Пока Коулмен шел к аппарату, раздался второй, нетерпеливый, требовательный звонок.
— Доктор Коулмен слушает. — Некоторое время он молчал, потом сказал «Спасибо» и положил трубку. — Ребенок только что умер, — обернулся он к Пирсону.
Тот опустил глаза. Съежившийся, уменьшившийся в размерах Пирсон неподвижно сидел в кресле. Его лицо мгновенно постарело. Он был разбит и уничтожен.
— Я пойду в лабораторию, надо поговорить с Джоном, — тихо сказал Коулмен.
Ответа не последовало. Коулмен вышел из кабинета, но старик продолжал сидеть за столом, уставив взгляд в пустоту и погрузившись в известные только ему одному мысли.
Когда Дэвид Коулмен вошел в лабораторию, Карла Баннистера там не было.

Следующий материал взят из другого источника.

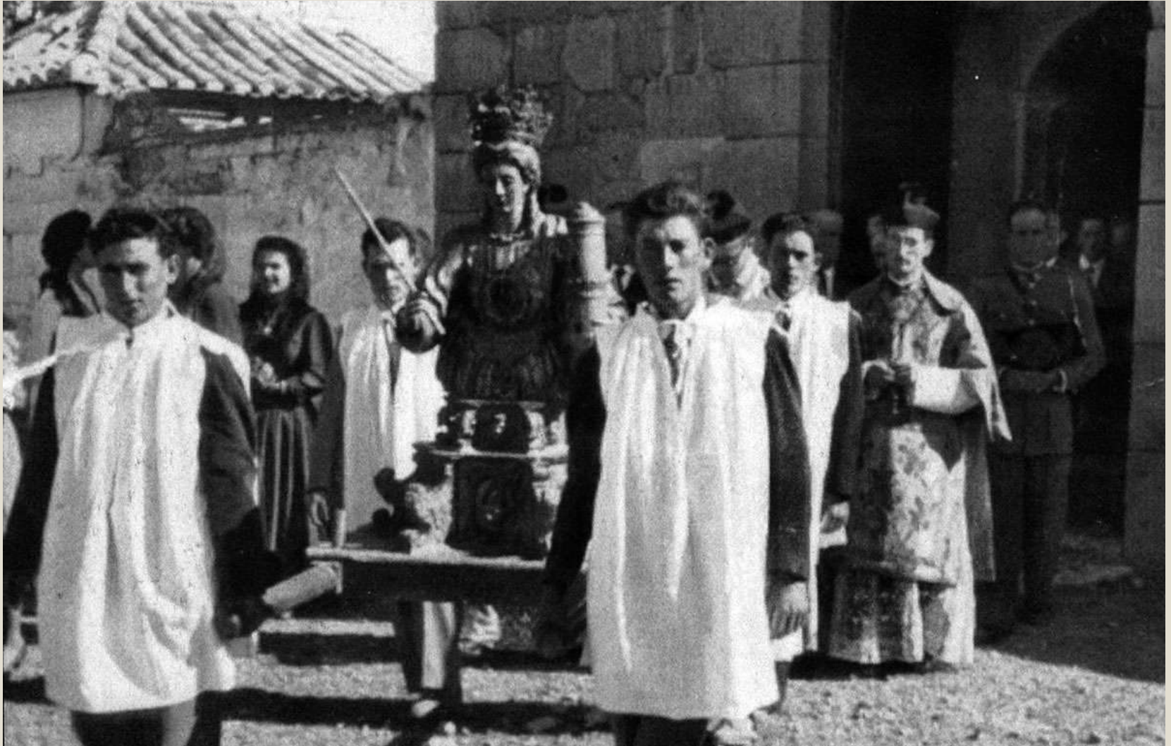
Procesión de Santa Bárbara

Джон Александер неподвижно сидел на стуле у лабораторного стола. Когда Коулмен почти неслышно подошел к нему, Александер некоторое время сидел молча, потом спросил не оборачиваясь:
— Все… кончилось?
Не отвечая, Коулмен положил на плечо Джона руку.
— Он умер, да? — едва слышно проговорил Александер.
— Да, Джон, — мягко ответил Коулмен, — он умер. Мне очень жаль.
Александер медленно обернулся. Лицо его мучительно дергалось, по щекам струились слезы.
— Почему, доктор Коулмен, почему?
С трудом подыскивая слова, Коулмен попытался ответить:
— Ваш ребенок родился недоношенным и очень слабым, Джон. Шансы выжить у него были бы невелики, даже если бы не было… всего остального.
Глядя Коулмену прямо в глаза, Александер сказал:
— Он мог выжить.
Это был момент истины, от которой Коулмен не имел права уклониться.
— Да, — согласился он. — Ребенок мог выжить.
Джон Александер встал и, приблизившись к Коулмену, посмотрел ему прямо в глаза.
— Как это могло случиться в клинике… при врачах?
— Джон, — ответил Коулмен, — сейчас у меня нет для тебя ответа… Я не могу пока ничего ответить и себе.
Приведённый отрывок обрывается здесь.